» **Excerpted data**
----
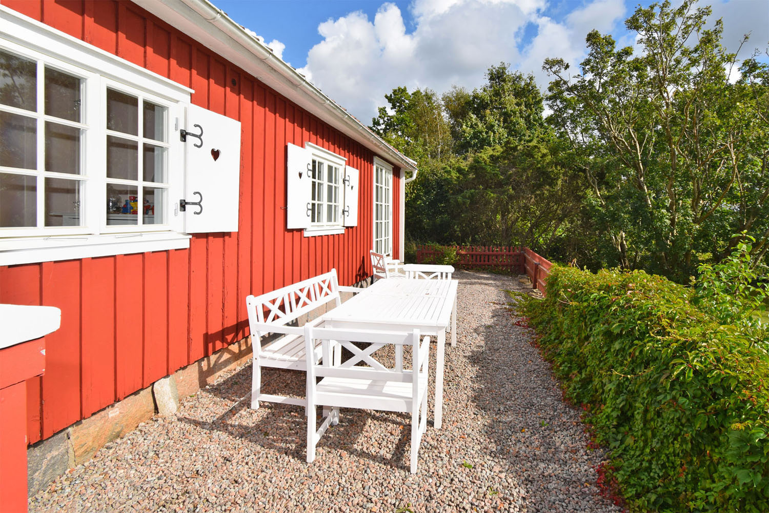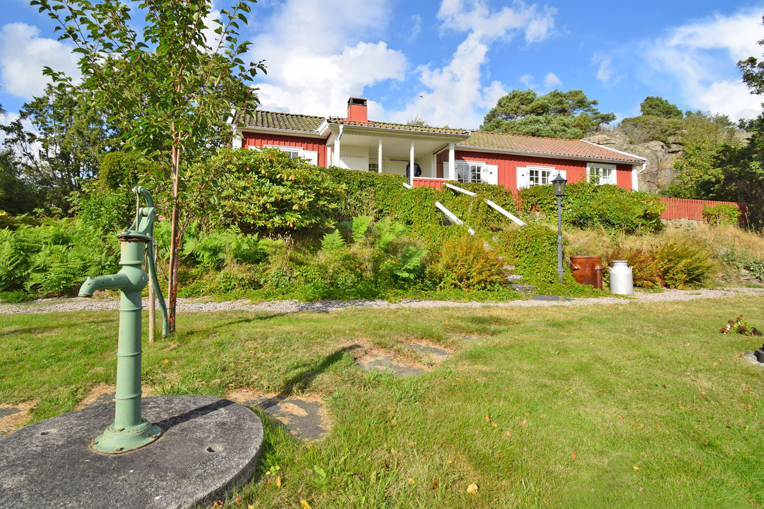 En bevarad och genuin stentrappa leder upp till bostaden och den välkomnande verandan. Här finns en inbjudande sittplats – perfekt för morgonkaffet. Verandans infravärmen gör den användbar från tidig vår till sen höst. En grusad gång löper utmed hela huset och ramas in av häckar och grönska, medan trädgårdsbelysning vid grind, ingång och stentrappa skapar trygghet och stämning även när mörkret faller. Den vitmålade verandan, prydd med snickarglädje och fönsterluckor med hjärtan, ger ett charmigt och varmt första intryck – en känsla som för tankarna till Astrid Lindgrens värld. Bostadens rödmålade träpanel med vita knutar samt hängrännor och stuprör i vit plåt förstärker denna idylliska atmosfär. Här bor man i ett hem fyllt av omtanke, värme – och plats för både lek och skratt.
----
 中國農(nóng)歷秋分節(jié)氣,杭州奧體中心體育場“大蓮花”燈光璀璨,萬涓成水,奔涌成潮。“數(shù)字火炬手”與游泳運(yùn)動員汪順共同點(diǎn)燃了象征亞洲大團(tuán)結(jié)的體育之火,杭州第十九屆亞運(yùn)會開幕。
----
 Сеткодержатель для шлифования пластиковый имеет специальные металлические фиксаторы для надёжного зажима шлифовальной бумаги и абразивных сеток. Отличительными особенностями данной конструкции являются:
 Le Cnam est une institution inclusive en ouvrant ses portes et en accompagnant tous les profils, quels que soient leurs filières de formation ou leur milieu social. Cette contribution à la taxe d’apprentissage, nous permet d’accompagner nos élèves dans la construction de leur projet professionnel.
----
» **Task statement**
Set down, exactly as they stand above, the lines starting with the line with "Сеткодержатель для шлифования" and going on through the line with "Le Cnam est", and no others.

» **Task answer**
 Сеткодержатель для шлифования пластиковый имеет специальные металлические фиксаторы для надёжного зажима шлифовальной бумаги и абразивных сеток. Отличительными особенностями данной конструкции являются:
 Le Cnam est une institution inclusive en ouvrant ses portes et en accompagnant tous les profils, quels que soient leurs filières de formation ou leur milieu social. Cette contribution à la taxe d’apprentissage, nous permet d’accompagner nos élèves dans la construction de leur projet professionnel.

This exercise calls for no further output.